A sanction against Rey could be imposed after a Feb. 26 hearing, at which the government gets a chance to prove it is not in contempt. The judge may also ban further use of the chemical nationwide.
It is rare for a judge to propose jailing a federal official in a civil case, much less a presidential appointee and Cabinet secretary.
“It is an extraordinary case of noncompliance we’re dealing with,” said Andy Stahl, executive director of Forest Service Employees for Environmental Ethics, the Oregon group that brought the case in 2003.
“We’re not out to punish Mark Rey,” he said. “The purpose is to find some means of holding his feet to the fire so that he and his agency comply with the laws Congress enacted.” Molloy cited a long list of evidence that the government engaged in “duplicitous” maneuvers to ignore his deadlines.
“The record in this case shows the Forest Service had no real intention to comply with the law or the court’s orders,” he wrote.

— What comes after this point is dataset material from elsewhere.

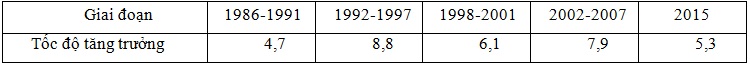 Nhận định nào sau đây không chính xác về tốc độ tăng trưởng GDP nước ta năm 1986- 2015?

After several delays and extensions of time, Molloy set an Aug. 17, 2007, deadline to comply. A further extension was granted, and in September the National Marine Fisheries Service reported that continued use of the retardant is likely to jeopardize the survival of 26 species of salmon and other fish.
But the Forest Service still has not completed its work with the Fish and Wildlife Service, which oversees freshwater fish and mammals.
“We take very seriously our obligations to perform the environmental analysis required by law and have made every effort to comply with the court’s rulings in this case,” said Forest Service spokesman Joe Walsh.
Stahl’s group doesn’t want to ban ammonium phosphate, but merely impose rules for its use. The state’s firefighting agency, the California Department of Forestry and Fire Protection, uses two kinds of fire retardant depending on conditions, because ammonium phosphate is known to be worrisome, said Mike Padilla, Cal Fire aviation chief. The Forest Service uses only ammonium phosphate.